Caspe debe figurar, pues, como uno de los pilares de la Monarquía española, y como una garantía de libertad. No puedo compartir la opinión de quienes afirman que no fue así. Ciertamente Valencia obtuvo mayores beneficios que Barcelona, tal vez porque estaba más abierta a las estructuras nuevas del comercio, sin encasillarse como hacía Cataluña, en formas que pertenecían definitivamente al pasado. Es cierto, en cambio, otro hecho. Los hijos del rey Fernando se equivocaron. Para Alfonso, el heredero, lo importante era darle una patada a su mujer castellana, y engolfarse en las aventuras de un reino de Nápoles que le haría Magnífico o Magnánimo. Para sus hermanos lo importante estaba en Navarra o en los señoríos de Castilla. De modo que Cataluña se sintió decepcionada porque no se estaban tomando las medidas oportunas.

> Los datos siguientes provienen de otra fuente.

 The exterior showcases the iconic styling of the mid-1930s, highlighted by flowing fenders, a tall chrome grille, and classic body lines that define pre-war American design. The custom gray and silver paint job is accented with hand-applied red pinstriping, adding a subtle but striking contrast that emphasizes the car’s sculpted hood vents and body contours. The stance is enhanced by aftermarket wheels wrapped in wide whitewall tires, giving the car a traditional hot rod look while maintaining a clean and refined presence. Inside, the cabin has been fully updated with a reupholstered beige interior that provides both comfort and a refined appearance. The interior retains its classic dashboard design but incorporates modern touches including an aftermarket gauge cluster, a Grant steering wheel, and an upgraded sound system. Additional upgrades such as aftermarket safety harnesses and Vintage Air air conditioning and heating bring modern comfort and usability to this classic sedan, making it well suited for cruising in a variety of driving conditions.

Pero a este mal, que Vicens y Soldevila me explicaron muy correctamente, siguió otro peor. Recurrir a la ruptura. Aprovechando la muerte del heredero, Carlos, príncipe de Viana, el patriciado catalán, que cargaba sobre sus espaldas la responsabilidad por el mantenimiento de una servidumbre, la «remensa», decidió recurrir a la ruptura. Es curioso hacer notar que el primero a quien acudiera para que se proclamara rey era a Enrique IV de Castilla. Tal vez ignoraban la fuerte incapacidad de éste. Pero había, entre líneas, un mensaje: sólo de la unión con Castilla puede venir la solución al desequilibrio (desgavell) que aquejaba a la economía de Cataluña. El separatismo trajo la guerra y, en definitiva, la pérdida de un trozo del Principado en beneficio de Francia.

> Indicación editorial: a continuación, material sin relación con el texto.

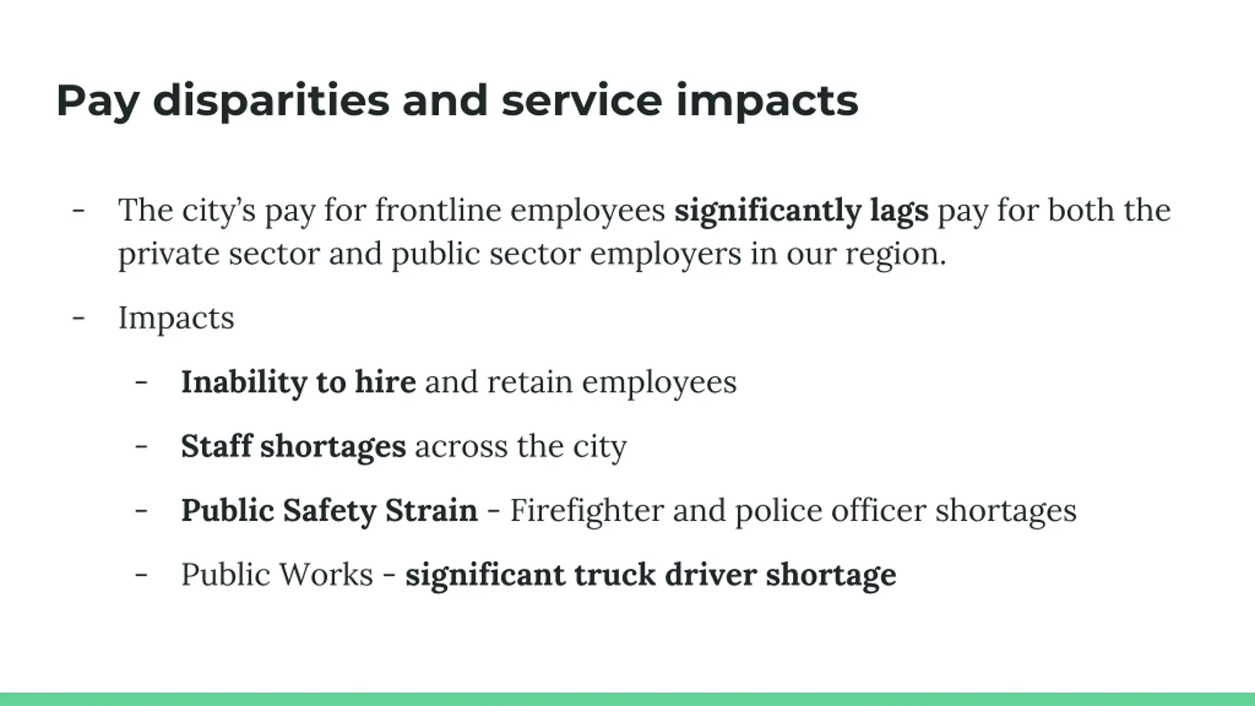Pay disparities and service impacts - The city s pay for frontline employees significantly lags pay for both the private sector and public sector employers in our region. - Impacts - Inability to hire and retain employees - Staff shortages across the city - Public Safety Strain - Firefighter and police officer shortages - Public Works - significant truck driver shortage

Sin embargo las cosas se enderezaron al fin como en Caspe se supusiera: la unidad era un bien, la separación un mal. Y con el nieto de Fernando que llevaba su mismo nombre, vino la solución. Él se había casado con Isabel, la heredera de Castilla y, ahora, la Monarquía contaba con un nuevo y poderoso elemento. Gracias a la aportación castellana, que otorgó y defendió monopolios mercantiles catalanes, el desgavell fue sustituido por el «redreç». Comenzando por aquellos campesinos que fueron liberados de las obligaciones de la servidumbre convirtiéndose en propietarios de la tierra que con sus manos cultivaban. Y haciendo que los ingresos de la Generalidad permitieran absorber la ominosa deuda pública. No es extraño que los catalanes mostrasen hacia Isabel todavía más afecto que a su marido. Los que acaudillaran la rebelión estaban ahora incorporados a cargos directivos.

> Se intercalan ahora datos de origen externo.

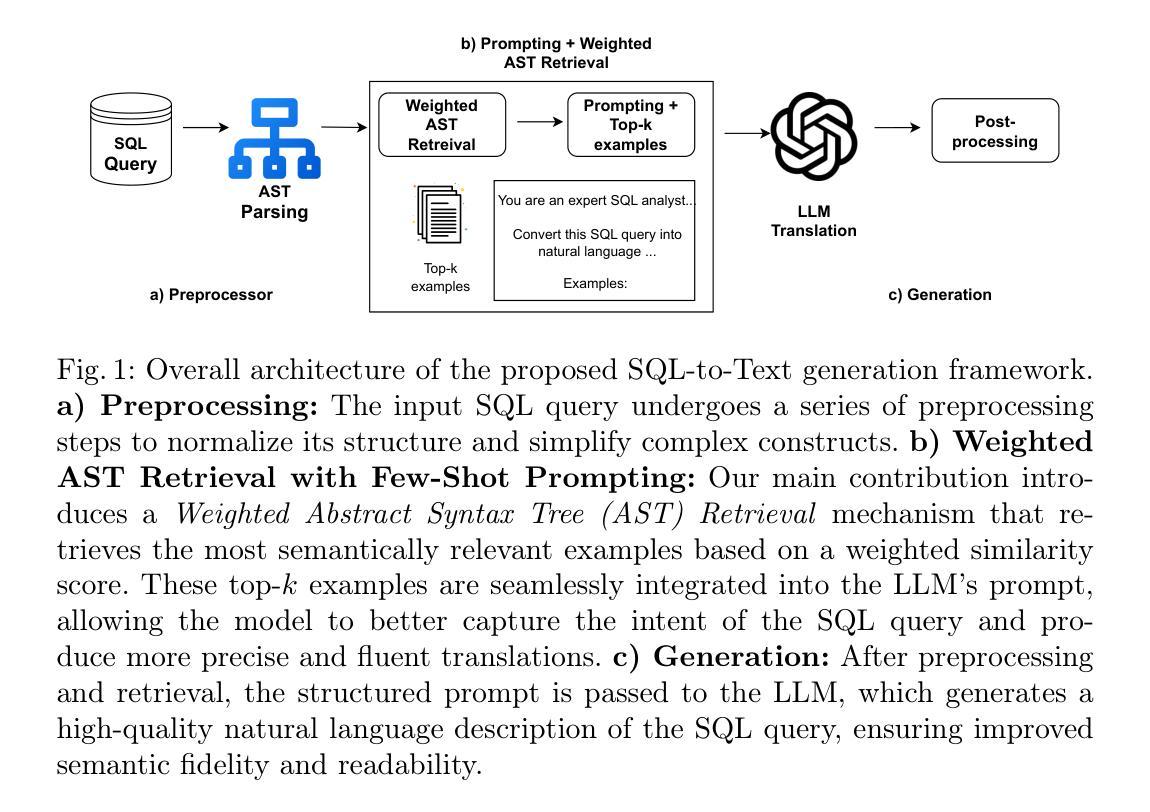SQL-to-Text生成旨在将结构化SQL查询翻译为自然语言描述,从而帮助非技术用户理解复杂的数据库操作。尽管大型语言模型(LLM)最近表现出了令人鼓舞的结果,但当前的方法往往无法保持SQL查询的确切语义,特别是在有多种可能的正确表述时。为了解决这个问题,我们的工作提出了加权抽象语法树(AST)检索与提示方法,这是一种结合了结构化查询表示和LLM提示的架构。该方法使用基于抽象语法树(AST)的相似度度量以及学习到的特征权重,检索少量语义相关的示例作为提示。我们的结构感知提示技术确保生成的描述既流畅又忠于原始查询逻辑。在Spider、SParc和CoSQL三个基准数据集上的大量实验表明,我们的方法在执行准确性(EX)方面比当前基线高出+17.24%,在精确匹配(EM)方面表现更优,同时在人类评估时提供更一致的语义保真度,同时保持竞争力水平的运行性能。这些结果表明,加权AST提示是一种可从结构化数据库查询中导出自然语言解释的可扩展且有效的方法。

Por favor, señor Mas: ponga atención al pasado y desde un profundo amor a Cataluña, no equivoque los pasos. Ante todo no nos prohíba querer a Cataluña tanto como la queremos. Y comprenda que la lección de Caspe sigue teniendo validez. Sin la unidad entre los reinos el compartimiento de sus valores nunca sería posible escapar de esta depresión, que es un fenómeno que se presenta con alguna regularidad dentro del saber histórico. Cataluña, España y Europa deben ser salvadas, pero desde el profundo amor que las valora y desde la colaboración estrecha que les conviene nunca ha sido Cataluña un principado independiente; y cuando algunos dirigentes lo intentaron, acabaron tropezando con la terrible experiencia de un fracaso. La unidad en la pluralidad es una forma política superior.